▶ **Brief**
Return the lines below exactly, please, from the one containing "在游戏里你可以尝试到当一次鲨鱼的乐趣,你能在游戏里体验到捕食的恐怖与快感" through the last one, both included, and leave out any pictures.

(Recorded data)

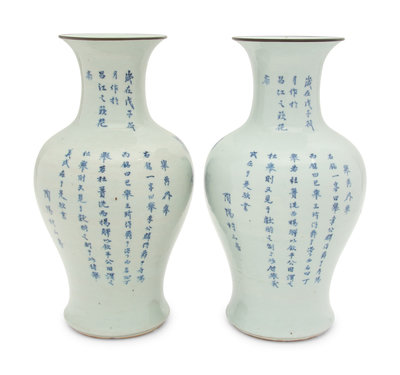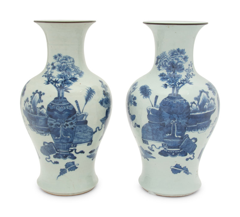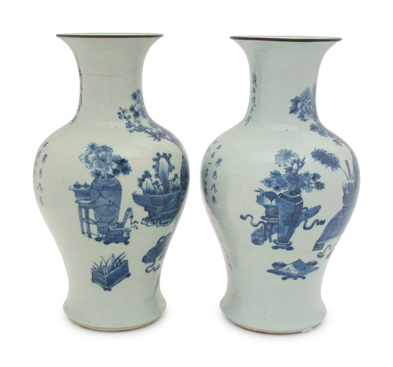 A Pair of Chinese Blue and White Porcelain 'Bogu' Vases
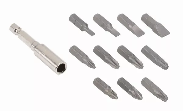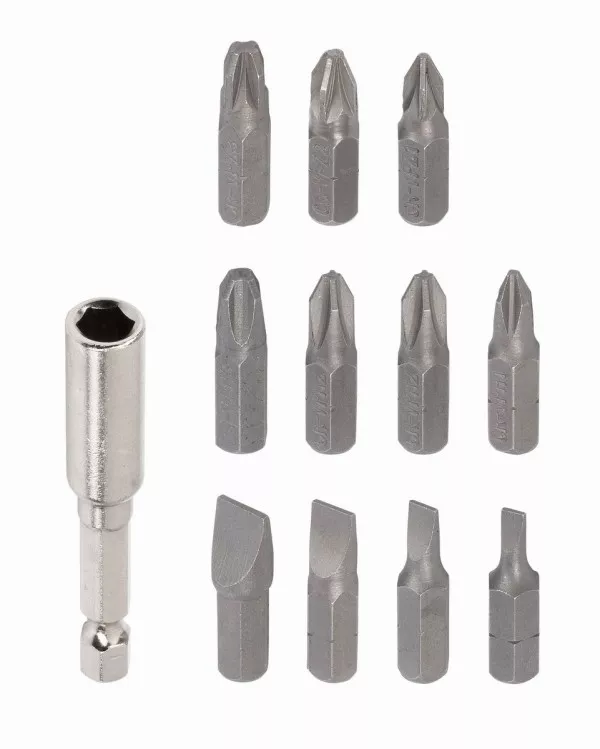 - 12x 25mm bitů (PZ1/PZ2/PZ2/PZ3/PH1/PH2/PH2/PH3/SL3/SL4/SL6/SL8)
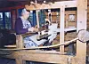 Pernella Denk i vevstolen på Nordfjord Folkemuseum 1. august 1987. Vevstolen står der enno slik ho forlet den. Foto: Nordfjord folkemuseum. Gallerikveld med utstilling i Vereide kyrkje Publisert 11.04.2025 - 04:42 kultur
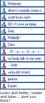 #3, also bein able to have them listed by status would be good for people with quite alot of floating contacts... as far as the impossibility is concerned... it could be ruled off so that when the option "dock all contacts in a row" is selected... patchou could create a function to define wether they are all docked or not... if they are then each object would have an Index... simply looping them and re-arranging them in order of status could be done...
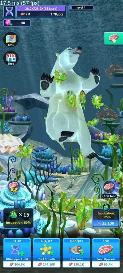 在游戏里你可以尝试到当一次鲨鱼的乐趣,你能在游戏里体验到捕食的恐怖与快感
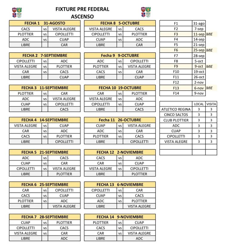 La primera fecha será: Deportivo Roca vs. Petrolero, Pacífico vs. Biguá, Pérfora vs. Centro Español e Independiente vs. Del Progreso, Cinco Saltos vs. Vista Alegre, Plottier vs. Cipolletti y Centenario vs. Unión Alem Progresista. Atlético Regina tendrá fecha libre.

▶ **Answer**
 在游戏里你可以尝试到当一次鲨鱼的乐趣,你能在游戏里体验到捕食的恐怖与快感
 La primera fecha será: Deportivo Roca vs. Petrolero, Pacífico vs. Biguá, Pérfora vs. Centro Español e Independiente vs. Del Progreso, Cinco Saltos vs. Vista Alegre, Plottier vs. Cipolletti y Centenario vs. Unión Alem Progresista. Atlético Regina tendrá fecha libre.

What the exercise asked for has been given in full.